Виталька уже подсчитал: как скажет она этот дурацкий стишок, так, значит, прыгнула шестнадцать раз. А повторила она его одиннадцать раз, это Виталька тоже подсчитал.

Он стоит на лестничной площадке между вторым и третьим этажами. Что ему еще делать? Стоит. Переступает с ноги на ногу. Поддает коленками (целой и ободранной) большую клеенчатую сумку. Сумка гладкая, холодная и поэтому кажется мокрой.

А внизу, у двери, все по-прежнему: стук-стук-стук!

Виталька очень хорошо представляет, как Виктория скачет через веревку, а тонкие рыжие косы прыгают у нее на спине. Ходуля несчастная... Конечно, скачет и ехидно оглядывается на дверь. Знает, что каждый день в это время Виталька бегает за хлебом. И специально, чтобы он слышал:

Раз-два-три-четыре-пять!
Выйди, Витя, погулять!
Мы тебе сегодня будем
Руки-ноги отрывать!

Прыгать Виктория может хоть до вечера. Хоть до ночи. Пока девчонкам не надоест вертеть веревку. Вертят ее толстая Машка Воронцова и Любочка... Любочка! Придумают же такое имя!

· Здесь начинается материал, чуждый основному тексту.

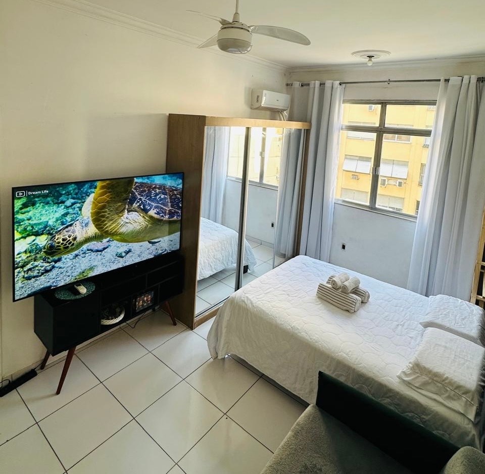 Siga em @marte.copacabana. Recém reformado, a 100mt da praia de Copacabana, altura do posto 5, há poucos minutos a pé do Arpoador e Ipanema. Studio funcional para até 3 pessoas, totalmente equipado com ambientes integrados: cozinha, banheiro e dormitório de altíssimo padrão. Cozinha com ilha e fogão (4 bocas) geladeira, airfryer e utensílios, perfeita para quem ama cozinhar. Para o conforto: split, Projetor Epson, cama de casal, roupa de cama de linho, máquina de expresso e Alexa.

Ведьма в юбочке, а не Любочка. Когти как у леопарда. Виктория хоть просто дерется – крепко, но по-человечески, а эта визжит как бешеная и норовит вцепиться. А со стороны поглядишь – обыкновенная девчонка. Маленькая, белобрысая, в бантиках.

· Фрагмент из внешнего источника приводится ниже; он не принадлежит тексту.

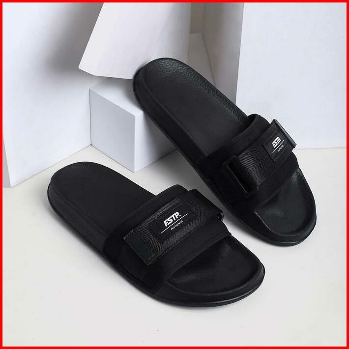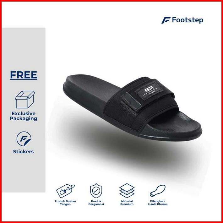 Sendal Cowok Footstep Volta Black Slide Sandal Shoes Pria Selop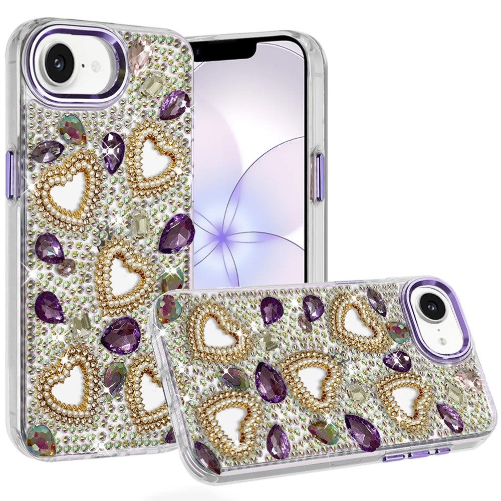 For iPhone 16E (E edition) / SE4 (2025) Luxury Crystal Heart Rhinestones Diamond Bling Hybrid Case - Dark Purple

Лучше всех, конечно, Машка. Она спокойная и ленивая, потому что толстая. Но когда Виктория и Любочка с кем-то сцепятся, она вздыхает и движется на подмогу

А Витальке на помощь никто не придет. Во-первых, считается, что ни к чему: он мальчишка. Во-вторых, он и сам не станет помощи просить, лучше уж помереть. В-третьих, кроме девчонок, все равно во дворе никого не видать. Только из-за гаражей доносятся глухие железные раскаты. Это Мишка и Федя Зарецкие безуспешно бомбят железную крышу Олика и Мухи.

"Хорошо вам, – обиженно думает Виталька, – вдвоем под крышей. Никто вас не караулит... Не могли уж объехать стороной этих тигриц. Сами виноваты, а я выпутывайся...

Да, выпутываться надо. Если не успеть в булочную до перерыва, будет неприятность.

Стук-стук-стук... Не уйдут они от подъезда...

Был бы Виталька покрепче, да покрупнее, тогда другой разговор. Муху, например, никто не смеет задеть. Если Муха плечом двинет, Виктория, как перышко, отлетит. Но, пожалуй, и не надо быть тяжеловесом, вроде Мухи. Вот Мишка Зарецкий совсем небольшой и ничуть не толстый, даже наоборот. Но он весь будто из тугих веревок сплетенный. Мускулы.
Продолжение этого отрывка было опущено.